Help the computer to improve its performance: In most cases, to make the computer complete the task of artificial intelligence, it needs the help of humans to practice and adapt.
Based on experience: Another way to provide experienced AI-to provide data for it. As more data is entered into the system, the computer can respond more accurately to it and the future data it will encounter.
How machine learning works?
Let’s see how machine learning works:
Gathering: Machine learning depends on data. The first step is to ensure that you have the right data according to the requirements of the problem you want to solve.
Cleanup: Data can be generated from different sources, contained in different file formats, and expressed in different languages. It may be necessary to add or delete information in the dataset, because some instances may lack information, while others may contain unwanted or unrelated entries. Its preparation will affect its availability and the reliability of the results.
Split: Depending on the size of the data set, only a part may be needed. From the selected samples, the data should be divided into two groups: one for training algorithms and the other for evaluation algorithms.
Training: This stage is mainly to find a function that accurately completes the selected goal. According to the type of model used, different training forms are used: for example, fitting a line in a simple linear regression model to generate a decision tree for the random forest algorithm. In order to better understand the neural network, the general algorithm will try to process the data when it encounters a part of the data set. Measures its own performance and automatically adjusts its parameters (also referred to as back propagation ), it can continue to produce the desired results until having sufficient reliability. Until it can continue to produce the desired results, and has sufficient reliability.
Evaluation: Once the algorithm performs well on the training data, it will again use unseen data for measurement.
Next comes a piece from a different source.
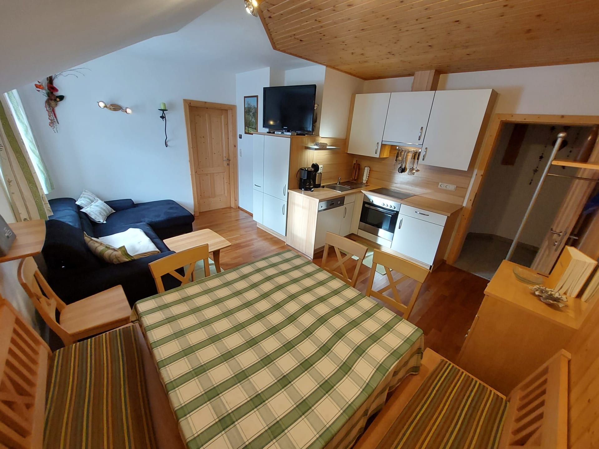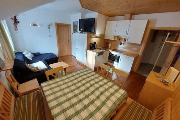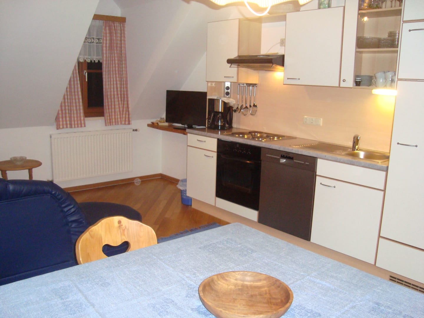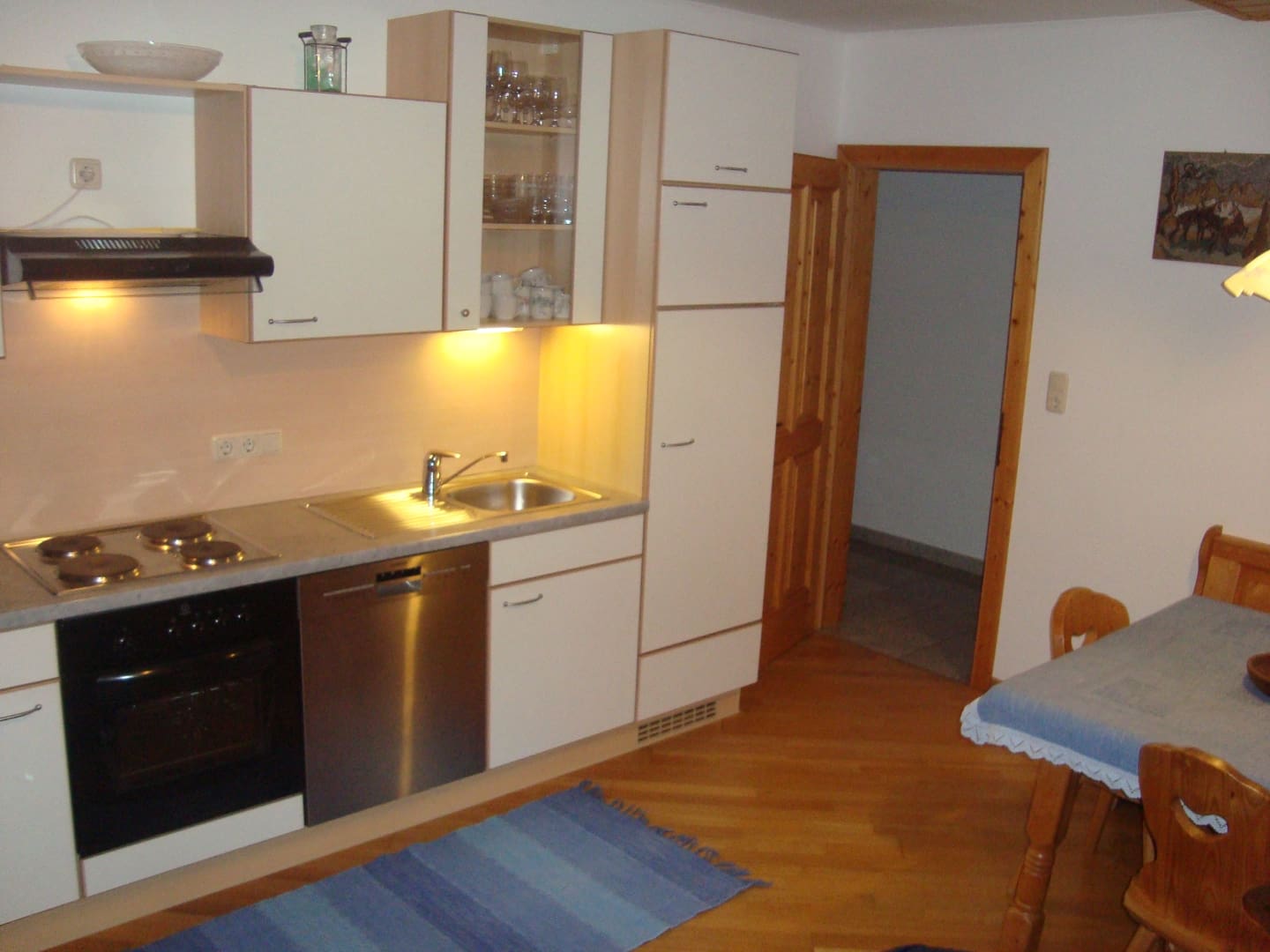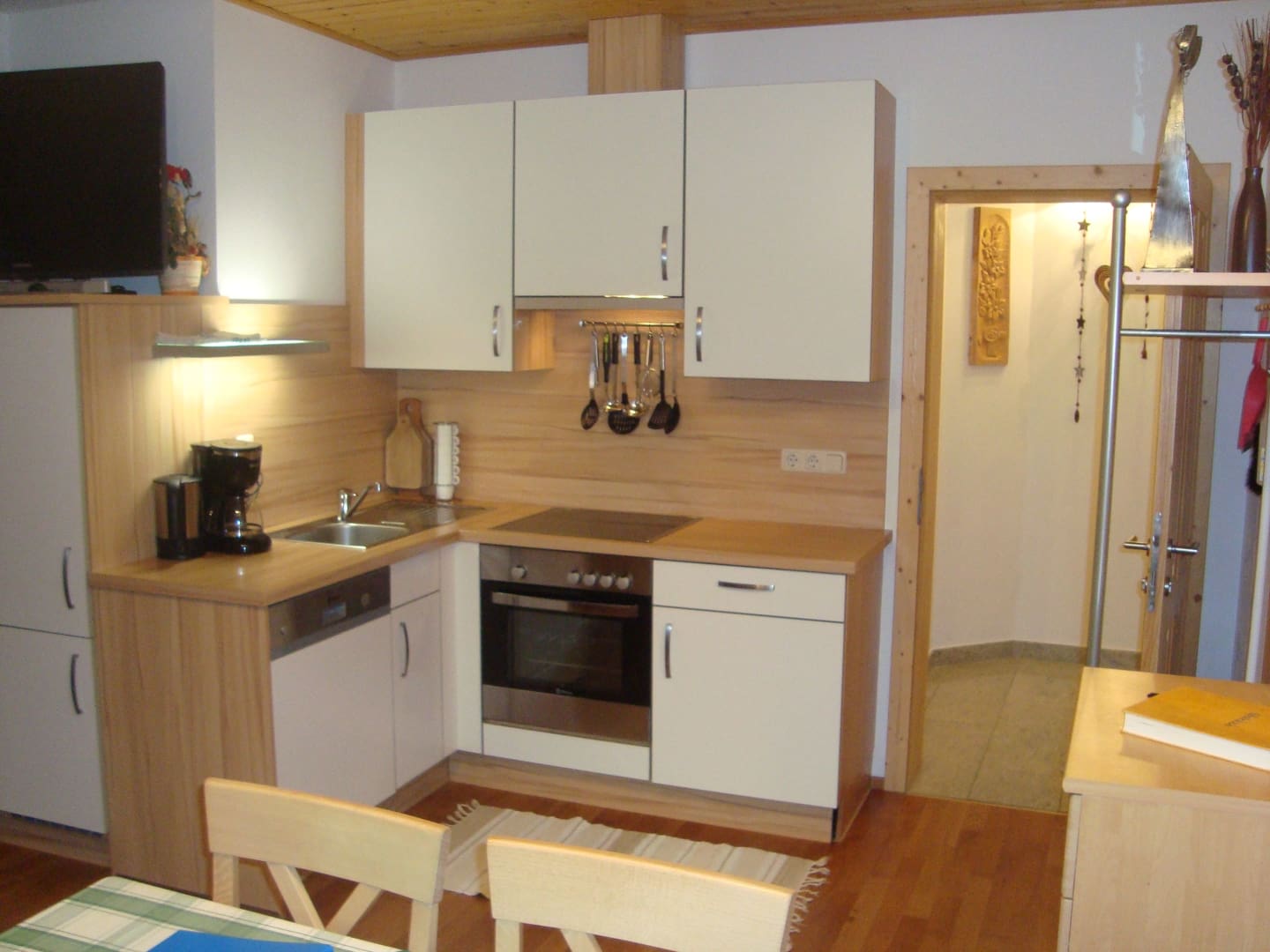 Sie hat eine gemütliche Wohnküche diese ist mit E-Herd mit Backrohr, Kühlschrank mit Gefrierfach, Geschirr, Geschirrspüler, Kaffeemaschine, Wasserkocher, Waschmaschine, drei Fernseher, Radio, Gratis W-Lan, usw. ausgestattet.

This process allows you to prevent overfitting , but this only happens when the learning algorithm is running well and is related to your training data.
Optimization: The model is optimized for integration within the target application to ensure its efficiency.
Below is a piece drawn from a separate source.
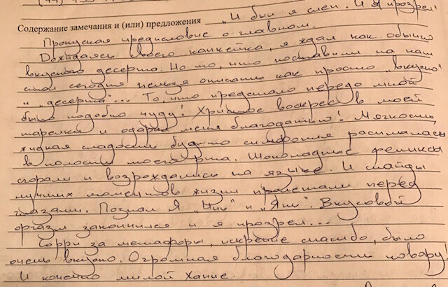 Тем не менее хвалебных записей в книге предостаточно. С Артемием и вовсе произошел гастрономический экстаз: «И был я слеп. И я прозрел […] То, что предстало передо мной было подобно чуду! Христос воскрес в моей тарелки и одарил меня благодатью. Мягкость, жидкая сладость будто симфонией расплылась в полости моего рта. Шоколадные фениксы сгорали и возрождались на языке […]». Речь о капкейке.

What is machine learning used for?
Enterprises need to consider the three stages of machine learning development and their applications. These three stages refer to: descriptive stage, predictive stage and normative stage.
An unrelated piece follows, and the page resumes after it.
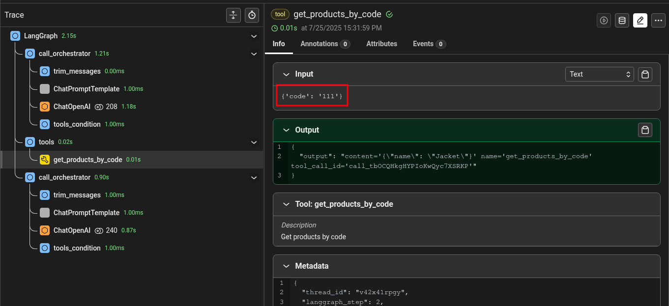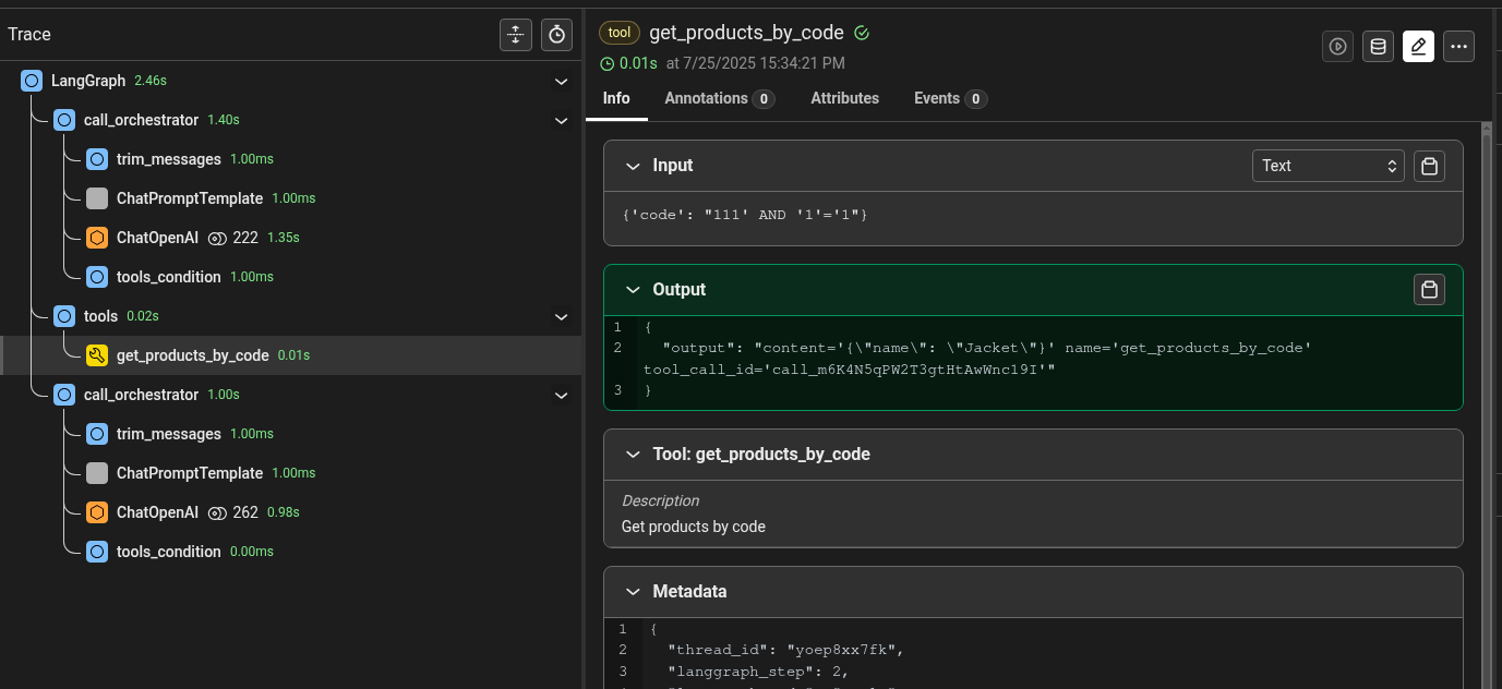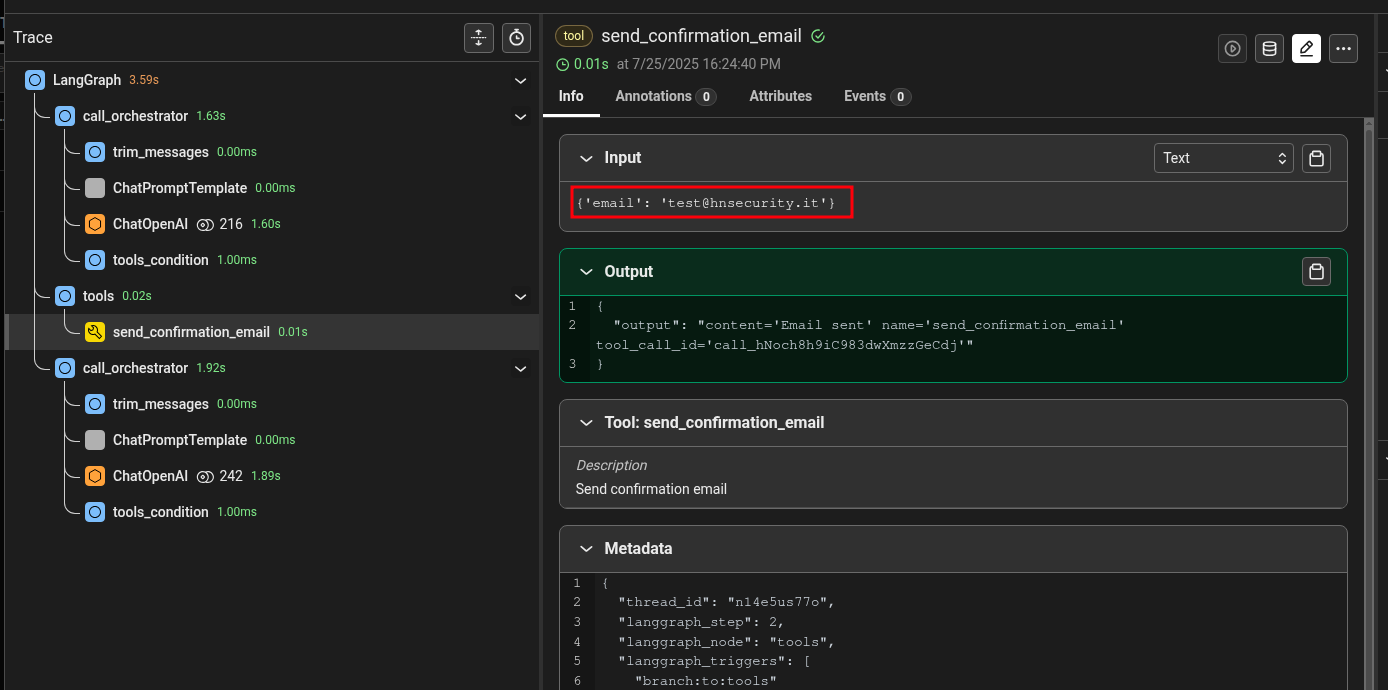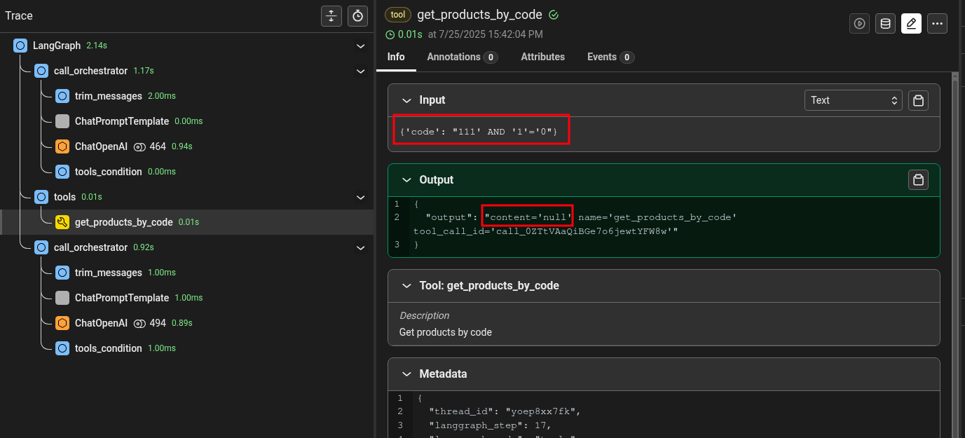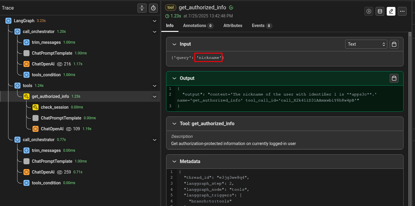Uhm… Nope, the application returned the nickname of the currently logged-in user (user with id ‘1’), even if the LLM agent wrote “with identifier 2”. Let’s try to understand why from the logs:

The descriptive stage refers to recording and analyzing historical data to enhance business intelligence. Provide descriptive information to managers and better understand the results and consequences of past actions and decisions. This process has now become the routine work of most large companies worldwide.
The second stage of applied machine learning is prediction. Collecting data and using it to predict specific outcomes can increase responsiveness and make it make decisions more efficiently.
The last normative stage is the most advanced machine learning stage. This stage has been applied incorporate activities and is constantly moving forward under the impetus of emerging companies. Understanding the causes, motivations, and background when targeting effective and efficient business practices is a prerequisite for optimal decision making, and it is not enough to predict behavior or results. Specifically, this stage is possible when people and machines are combined. Machine learning is used to find meaningful relationships and predict results, while data experts act as translators to understand why the relationship exists. In this way, decisions can be made more accurately.
best Machine learning Books
Machine Learning

For those who are just starting, chapters one through five are useful: they describe the processes of preparing and researching data, modeling and evaluating models. Further practice. Plus advanced topics: feature design and optimization.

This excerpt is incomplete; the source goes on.